You create Cloud Composer environments in supported regions, and the environments run within a Compute Engine zone. For simple use cases, you can create one environment in one region. For complex use cases, you can create multiple environments within a single region or across multiple regions. Airflow communicates with other GCP products through the products' public APIs.

Architecture

When you create an environment, Cloud Composer distributes the environment's resources between a Google-managed tenant project and a customer project, as shown in the following diagram:

Cloud Composer environment resources in the tenant project and the customer project (click to enlarge)
Cloud Composer Environment Resources (click to enlarge)

Tenant project resources

For unified Cloud Identity and Access Management access control and an additional layer of data security, Cloud Composer deploys Cloud SQL and App Engine in the tenant project.

Cloud SQL

Cloud SQL stores the Airflow metadata. To protect sensitive connection and workflow information, Cloud Composer limits database access to the default or the specified custom service account used to create the environment. Cloud Composer backs up the Airflow metadata daily to minimize potential data loss.

The service account used to create the Cloud Composer environment is the only account that can access your data in the Cloud SQL database. To remotely authorize access to your Cloud SQL database from an application, client, or other GCP service, Cloud Composer provides the Cloud SQL proxy in the GKE cluster.

App Engine

App Engine flexible environment hosts the Airflow web server. By default, the Airflow web server is integrated with Cloud Identity-Aware Proxy. Cloud Composer hides the Cloud IAP integration details and enables you to use the Cloud Composer IAM policy to manage web server access. To grant access only to the Airflow web server, you can assign the composer.user role, or you can assign different Cloud Composer roles that provide access to other resources in your environment. For organizations with additional access-control requirements, Cloud Composer also supports deploying a self-managed Airflow web server in the customer project.

Customer project resources

Cloud Composer deploys Cloud Storage, Google Kubernetes Engine, and Stackdriver in your customer project.

Cloud Storage

Cloud Storage provides the storage bucket for staging DAGs, plugins, data dependencies, and logs. To deploy workflows (DAGs), you copy your files to the bucket for your environment. Cloud Composer takes care of synchronizing the DAGs among workers, schedulers, and the web server. With Cloud Storage you can store your workflow artifacts in the data/ and logs/ folders without worrying about size limitations and retain full access control of your data.

Google Kubernetes Engine

By default, Cloud Composer deploys core components—such as Airflow scheduler, worker nodes, and CeleryExecutor—in a GKE. For additional scale and security, Cloud Composer also supports VPC-native clusters using alias IPs.

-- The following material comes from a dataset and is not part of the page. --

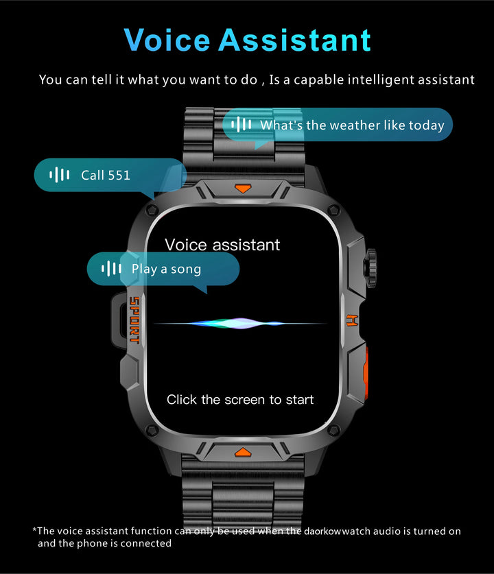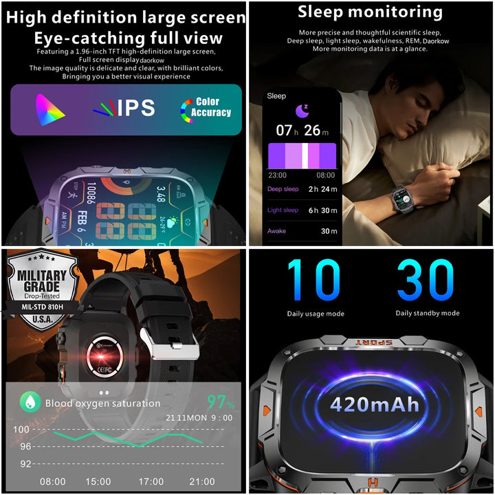 2025 New Smart Watch 3ATM Waterproof 1.96"Full touch Screen New Outdoor Men Sport LED Flashlight 420mAh Large Battery Bluetoot

Redis, the message broker for the CeleryExecutor, runs as a StatefulSet application so that messages persist across container restarts.

Running the scheduler and workers on GKE enables you to use the KubernetesPodOperator to run any container workload. By default, Cloud Composer enables auto-upgrade and auto-repair to protect the GKE clusters from security vulnerabilities. If you need to upgrade your Cloud Composer GKE cluster before the auto-upgrade cycle, you can perform a manual upgrade.

Note that the Airflow worker and scheduler nodes and the Airflow web server run on different service accounts.

  • Scheduler and workers: If you do not specify a service account during environment creation, the environment runs under the default Compute Engine service account.
  • web server: The service account is auto-generated during environment creation and derived from the web server domain. For example, if the domain is foo-tp.appspot.com, the service account is foo-tp@appspot.gserviceaccount.com.

You can see serviceAccount and airflowUri information in the environment details.

Stackdriver

Cloud Composer integrates with Stackdriver Logging and Stackdriver Monitoring, so you have a central place to view all Airflow service and workflow logs.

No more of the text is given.